The nomination and Remuneration Committee is established by and is responsible to the Board of Commissioners to assist the Board of Commissioners in carrying out its functions and duties relating to the Nomination and Remuneration of the Board of Directors and the Board of Commissioners members, including the Board of Directors and the Board of Commissioners members of its subsidiaries.

Composition of Nomination and Remuneration Committee

The Nomination and Remuneration Committee (hereinafter referred to as the NR Committee) consists of an Independent Commissioner as the Chairman and 1 (one) internal party who holds a managerial position under the Board of Directors and 1 (one) independent external party as a member who has fulfilled the requirements of the Financial Services Authority Regulation No. 34/POJK.04/2014 concerning the Nomination and Remuneration Committee of Issuers or Public Companies.

In 2022 there was a change in the composition of the NR Committee for the term of 2022 – 2025 based on the Board of Commissioners Decree Number: 001/SM/SKDEKOM/XI/22 dated November 20, 2022. Therefore, the composition of the NR Committee as of December 31, 2022, is as follows:

Position Name
Chairman concurrently Member dr. Mohammad Adib Khumaidi
Member Prof. Rhenald Kasali
Member Ho Siu May
Statement of Independency

All members of the NR Committee are committed to carrying out their duties and responsibilities by upholding GCG principles and being objective, professional, and independent. NR Committee will not make decisions under the pressure and intervention of any party and avoid any potential conflict of interest. The NR Committee members do not have affiliate relationships both in a family and business relationship with members of the Board of Commissioners, the Board of Directors, and Major and/or Controlling Shareholders.

NR Committee Charter

The NR Committee has an NR Committee Charter as a guideline for its duties and functions.

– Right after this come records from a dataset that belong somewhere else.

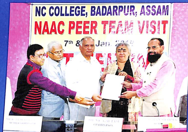
Handling over Report of Peer Team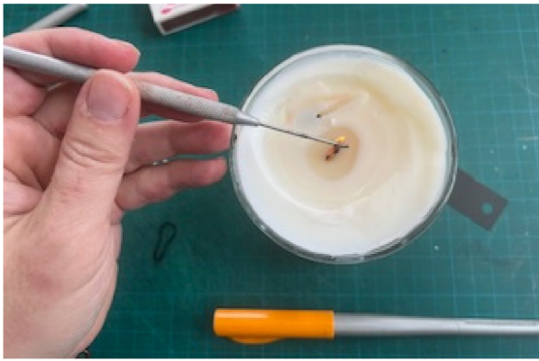
#1 Briefly heat your needle in the flame of the candle.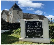
Holy Cross Church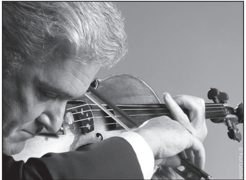
Legendary Violinist/Violist Pinchas Zukerman

We are planning a true blockbuster season to celebrate our milestone 40th anniversary in the summer of 2021 with some of the world’s finest musicians again gracing the mountains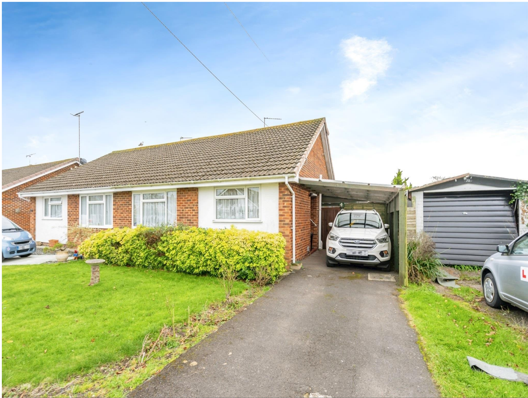
Marylands Crescent, Bognor Regis, PO22 8DW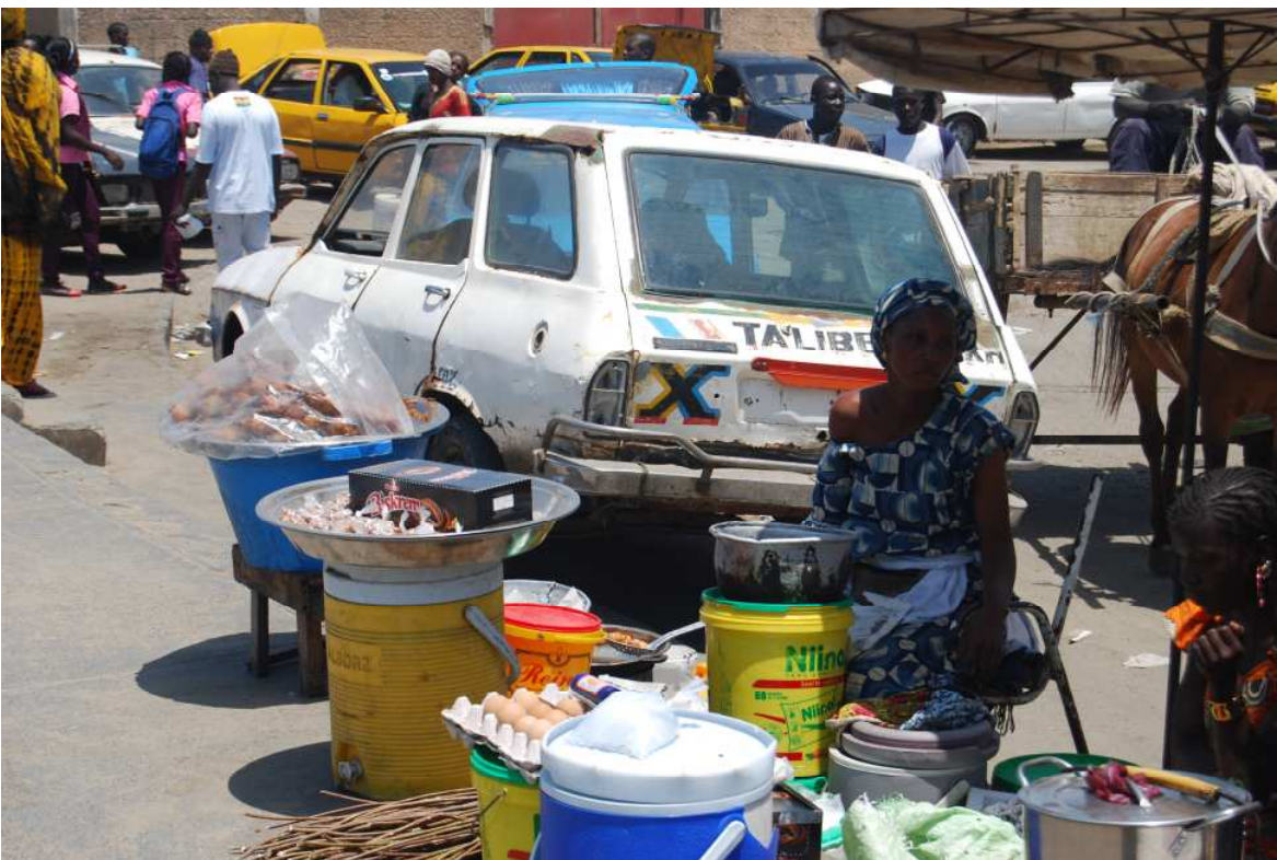
Saint Louis, Senegal.

It is clear that a full liberalisation of the agriculture sector through multiple mechanisms will reduce protection for women farmers and workers in developing countries. In addition, protective mechanisms such as sensitive products (using a gender criterion) and SSMs are being increasingly restricted. Women will also be hurt more as we liberalise investment, services, IP and public procurement. Their dependence on the resources threatened under these agreements is higher and their ability to shift out of agriculture is limited. Their role as food providers gets severely undermined not only by losses in production and livelihoods, but also from threats to natural resources, markets and technologies which are important for direct access to food as well as instruments for sustaining production and sales. Gender sensitivities need to be taken into account in all aspects of trade agreements, while combining it with gender friendly development policies.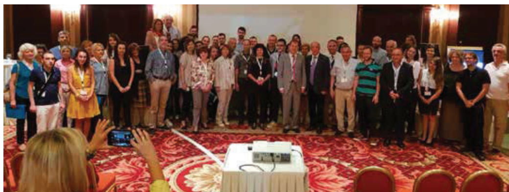
Figure 1. The organizing committee of the Second Greek–Israeli Symposium on Autoimmunity and Rheumatology: Success Through Synergy

The novel immunomodulatory role of B-regulatory cells (B-regs) received extensive attention by Mavropoulos and colleagues [2] who presented data that highlighted the decrease of B-regs in psoriatic arthritis (PsA). The levels of B-regs inversely correlated with the psoriasis area of severity index, IL-17, and IFN- \gamma producing T-cells. Liossis et al. [3] expanded on the role of the B cell class on autoimmunity and stated that the majority of autoantibodies generally produced by immature B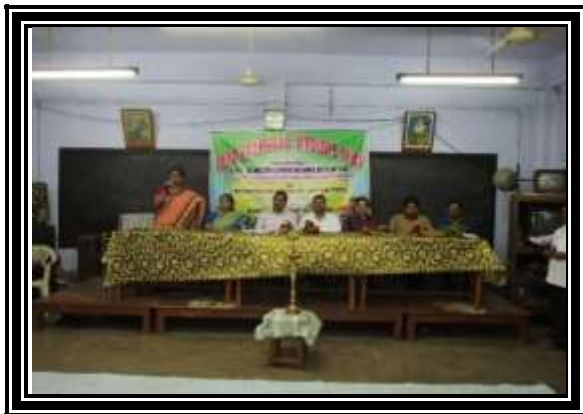
Medical camp at Medinipur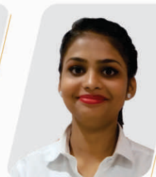
Yakuta Mandviwala Cabin Crew - Go Air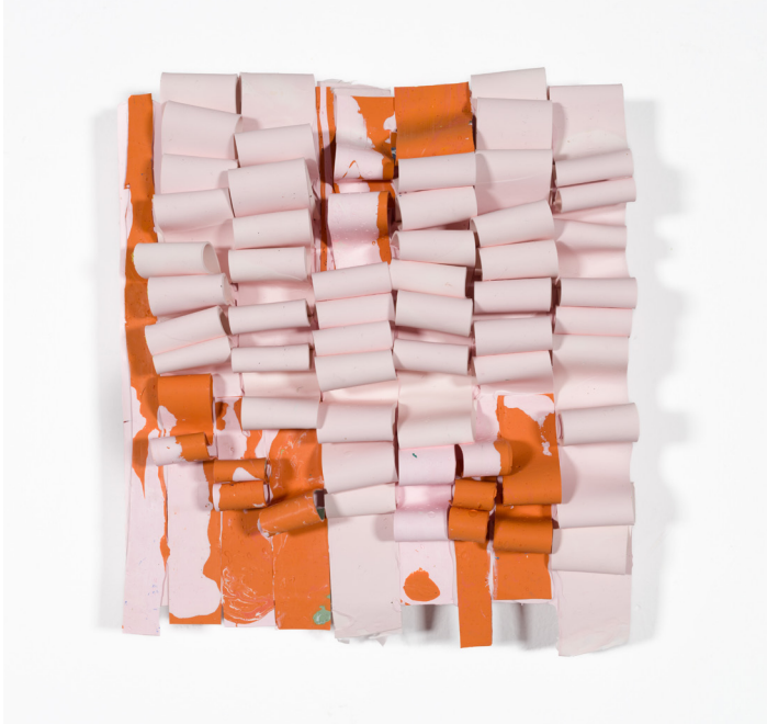
Peeled Paint #16 2024 Acrylic on board 24 x 20 x 6 cm EUR 800 (net)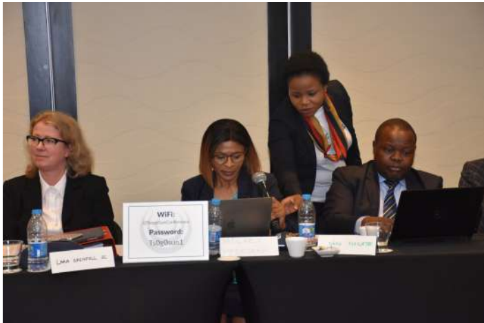
Delegates at the Advanced Aspirant Judges Workshop

The purpose of this workshop was to equip the aspiring Judges on skills to adjudicate all matters in the High Courts. The workshop covered the following topics, namely Constitutional Litigation, Civil Procedure, Management of Criminal Trials, Ethics as well as Judgment Writing.

Provisions stipulated in NR Committee Charter include

  1. Structure and office terms,
  2. Duties and responsibilities,
  3. Work procedures,
  4. Meetings,
  5. Reporting and disclosure, and
  6. Budget.
Duties and Responsibilities

Duties and responsibilities of NR Committee as stipulated in NR Committee Charter include nomination and remuneration functions as follows:

Regarding Nomination Functions:

  1. To provide recommendations to the Board of Commissioners related to:
    • The composition of members of the Board of Directors and the Board of Commissioners;
    • The policy and standards of the nomination process; and
    • The policy on performance evaluation for members of the Board of Directors and the Board of Commissioners.
  2. To assist the Board of Commissioners in evaluating the performance of members of the Board of Directors and the Board of Commissioners based on standards that have been prepared as evaluation material;
  3. To provide recommendations to the Board of Commissioners regarding capacity-building programs for members of the Board of Directors and/ or members of the Board of Commissioners;
  4. To provide recommendation for candidates who meet the requirements as members of the Board of Directors and/or members of the Board of Commissioners to the Board of Commissioners, to be presented to the GMS.

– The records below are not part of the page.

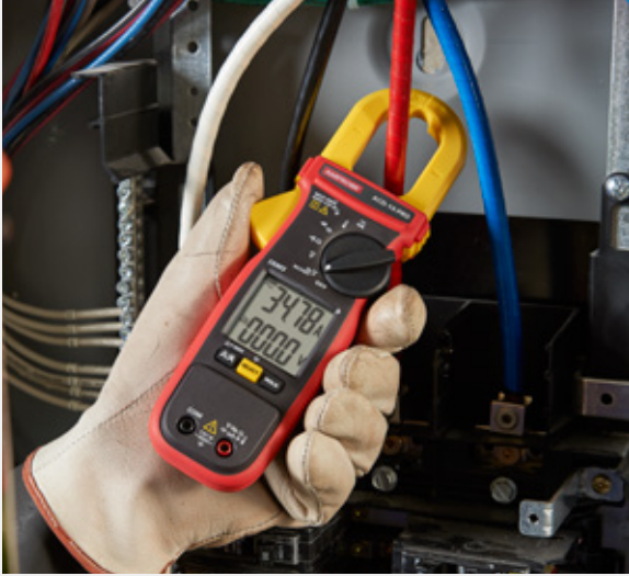
The Amprobe ACD-14-PRO features low profile jaws to test in tight spaces with TRMS for accurate measurements.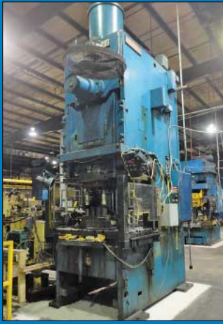
(3) 250 Ton Niagara Model E-250 Single Crank Gap Frame Presses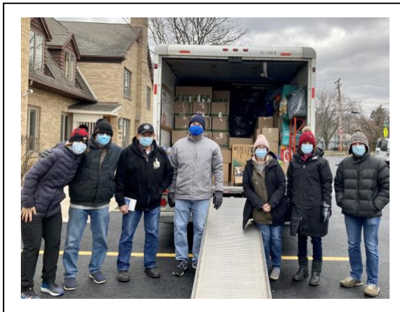
Sharing Board members and volunteers collect food and coats at the Fall Food Drive.

In addition, Sharing Board members distribute food at the pantry periodically.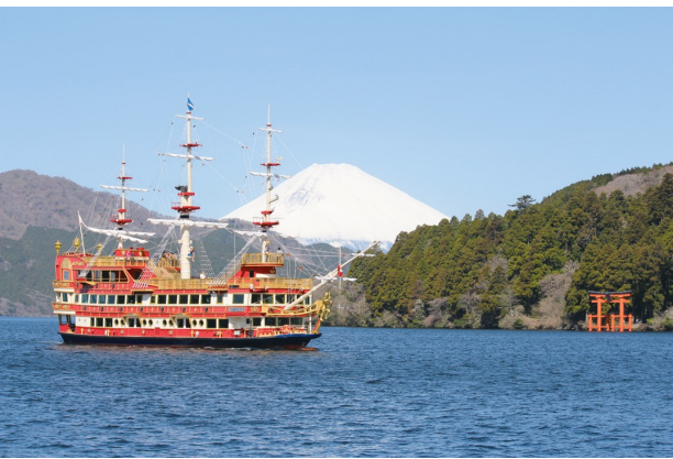
[Hakone Area] Lake Ashi Sightseeing Cruise

ODAKYU ELECTRIC RAILWAY Co., Ltd., FUJIKYUKO Co., Ltd., and Keio Bus Higashi Co., Ltd. will be launching a renewed "Fuji Hakone Pass" on April 1, 2016.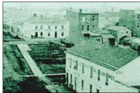
1863 - photo of damage to N/W corner Brock & Dundas following 1857 fire

Department came under jurisdiction of the Council's Fire & Water Committee. The engine company consisted of 25 men and the hook & ladder company, 20 men. As water supply was a problem, the Town Council provided equipment for the Fire Fighters to dig three wells in the centre of Town. In those early days the Fire Fighters not only dug their own wells, they also were expected to pay $5.00 each for their uniforms!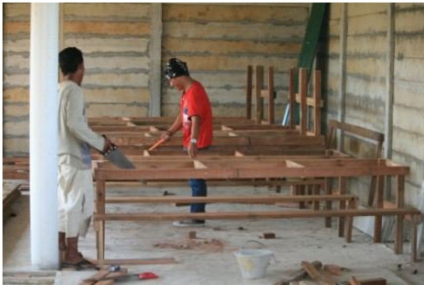
Construction of tables and benches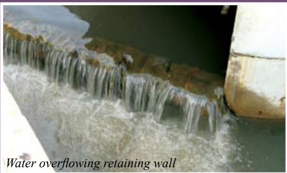
Water overflowing retaining wall

W hen I first saw clean filtered water flowing through the holes in the retaining wall into the new retention pond in Merdeka Garden, I thought it was an ingenious design. However, a few

Regarding Remuneration Functions:

  1. To provide recommendations to the Board of Commissioners regarding the structure, policies, and amount of remuneration for members of the Board of Directors and the Board of Commissioners.
  2. To assist the Board of Commissioners in evaluating performance according to the remuneration received by each member of the Board of Directors and the Board of Commissioners.
NR Committee Meetings

Meeting Policy

  1. NR Committee must hold regular meetings at least 1 (one) time in 4 (four) months;
  2. Committee meeting can only be held if:
    1. it is attended by the majority of the Committee’s members, and
    2. one of the majority of the Committee’s members as referred to in letter (a) is the Chairman of the Committee.
  3. Decision making based on deliberation to reach a consensus. If deliberation for consensus is not reached, decisions are taken based on majority votes.
  4. The results of meeting must be recorded in the minutes of meeting and submitted in writing to the Board of Commissioners and documented by the Company.
  5. Minutes of meeting should record the dissenting opinion (if any) from Committee members, and the reason for the dissenting opinions.

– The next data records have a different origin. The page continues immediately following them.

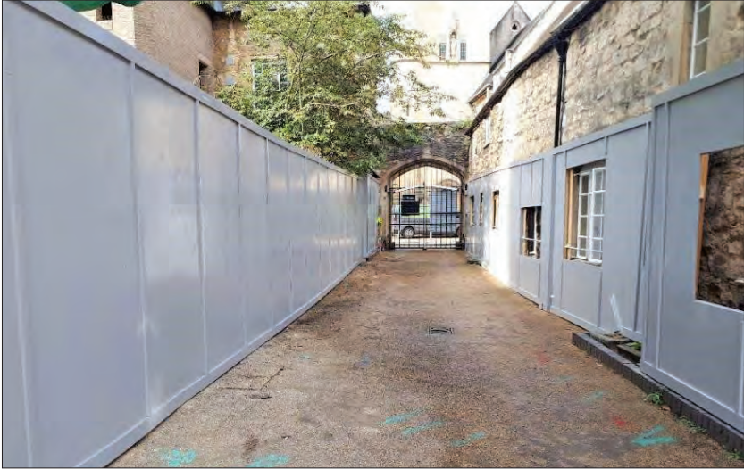
Protective boarding was put in place to prevent damage to the historic walls at Frewin.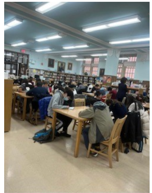
Participants in the Dictée Interscholaire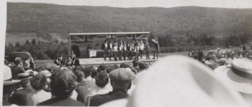
Jock Macdonald 904 conducts a Gaelic chorus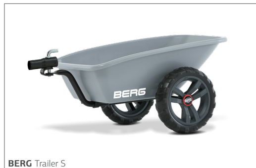
BERG Trailer S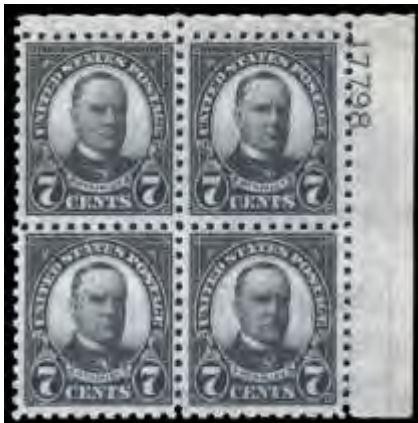
170 ★★田 1926, 7¢ black, rotary press, perf 10 (Scott 588), plate block of 4, outstandingly choice, o.g., never hinged, Very Fine to Extremely Fine. Scott $425. Estimate $300 - 400

Meeting Frequency, Agenda, and Attendance Rate

In 2022, NR Committee held seven meetings attended by all Committee members. The committee meeting may invite the Company’s internal parties, including the Board of Commissioners, the Board of Directors, or other functions if needed. Dates, meeting agenda, and attendance rate of committee members are as follows:

Meeting Date Attendance Meeting Agenda Meeting
January 20 3 people | 100%
  • Performance evaluation of the Board of Directors (self assessement)
  • Proposal of the Board of Directors and the Board of Commissioners salary for fiscal year 2022
  • Preparation of the 2021 NR Committee Report
April 20 2 people | 67% Review of the Board of Directors KPI 2022
May 27 3 people | 100% Review of the Board of Directors KPI 2022
June 2 3 people | 100% Review of the Board of Directors and General Managers KPI 2022
June 17 3 people | 100% Determination of the Board of Directors and General Manager KPI 2022
September 5 3 people | 100%
  • Review on the needs of HR Division Head
  • Preparation of NR Committee work plan 2023
November 2 2 people | 67% Strengthening HR Division
Summary of NR Committee Activities in 2022

The NR Committee performed the following duties and responsibilities referring to the NR Committee Charter, the Board of Commissioners directives, and the applicable laws and regulations:

  1. Prepared recommendation for remuneration of the Board of Directors and the Board of Commissioners for GMS approval.
  2. Assisted the Board of Commissioners in following up on the AGMS resolution which delegated authority to the Board of Commissioners to determine salary and benefit of the Board of Directors of the Company for the financial year 2022.
  3. Assisted the Board of Commissioners in reviewing the achievements of the Board of Directors’ KPIs in 2021.
  4. Proposed to the Board of Commissioners regarding the salary increase for the Board of Directors in 2022 and bonuses for the Board of Directors in 2021.
  5. Developed KPI Directors in 2022.